At the top, the youth surge translates into a clamour for work visas in Western countries. Lower down, it seeks a toehold on the ladder of upward mobility. A major reason for the Bengal Left Front’s rout after 34 years in power was its failure to follow up the land revolution. Released from bondage to the soil, a generation of lusty young men yearned for white-collar respectability as bhadralok, like the early batch of students at Punjab Agricultural University in Ludhiana. Also sons of peasants, they refused to fall in with official plans to send them back to the land with enhanced skills. Having escaped the village, the least they demanded was employment in the block development office. The spectre stalks Bengal again. If the BJP seems to have scratched some slight success, it is not because voters have discovered a rich Hindutva seam but because young Bengalis fear that Mamata Banerjee’s failure to attract job-generating investment, reports of a continuing influx from Bangladesh, and minority quotas at government officers will leave them with only scraps and crumbs. 

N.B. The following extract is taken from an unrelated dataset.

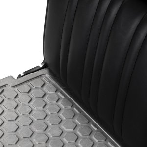 Komfortowe siedzisko zapewnia klientowi wygodę podczas różnorodnych usług. Odpowiednio wyprofilowane oparcie sprzyja przyjęciu stabilnej, wygodnej pozycji i zapewnia solidne podparcie pleców, co ma szczególne znaczenie przy dłuższych zabiegach. Mechanizm pełnego obrotu zwiększa swobodę ruchów i przekłada się na większą efektywność pracy. Tapicerowane podłokietniki umożliwiają prawidłowe ułożenie barków, zapobiegając unoszeniu ramion i garbieniu się klienta, co wyraźnie ułatwia barberowi wykonywanie precyzyjnych zabiegów.
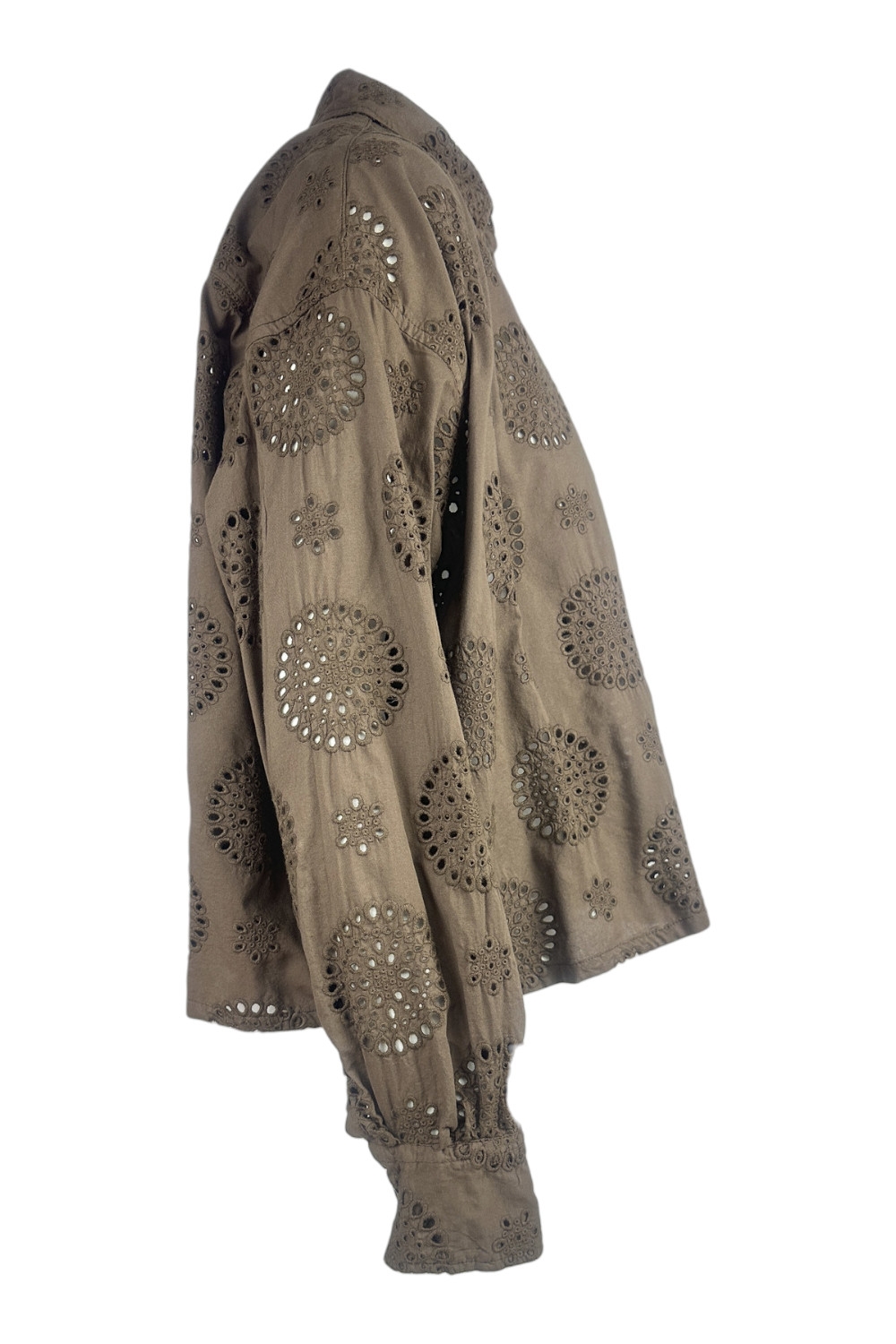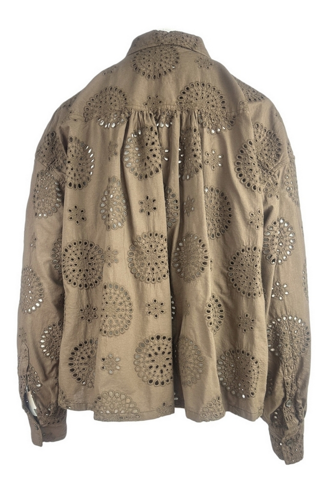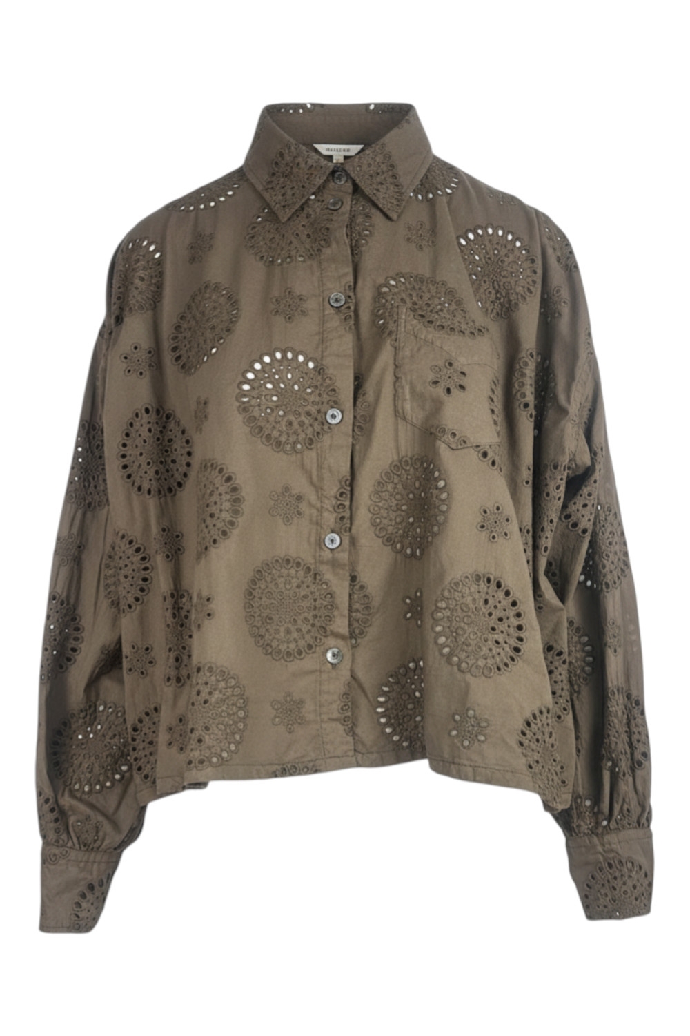 Camicia di Caliban. Sangallo. Maniche lunghe. Spalla calata. Cropped. Taschino sul davanti. Vestibilità over. Composizione: 100% cotone. Made in Italy.

Jagannath, my office driver in Kolkata, rose to the dilemma. Apart from his regular hours, he grabbed every chance of overtime, driving night and day, separating the two with a quick wash and change in the driver’s rest room and a snatched meal in the canteen. To my question about his neglected children, Jagannath retorted, “When they grow up, which would they like more? Remembering their father sat at home and held their hand or that he worked hard to send them to St Jerome’s English Medium School?” Talking to people like him, I sensed in those years of Marxist rule an increasingly sharp awareness building into resentment that while English teaching was dwindling away in government schools, which was all they could afford, the netas sent their children to Anglo-Indian schools. 

English holds the key to success for an Indian. His future often lies beyond the seas, in Britain, Australia and—increasingly— the US. Denied legitimate access to the language, he will wangle informal access through crammers, tuition, correspondence courses notes and made-easies. Many more so-called English-medium schools will sprout and flourish. Years of import-substitution austerity have taught us skills of evasion, inventiveness, compromise and manipulation. Come what may, the ambitious young Indian will not allow political opportunism and obtuseness to cheat him of a chance to better his lot. 

But it might all be a con trick. The presidential order on public speeches could be only to impress cow-belt voters while the real business of living is conducted in English beyond their reach.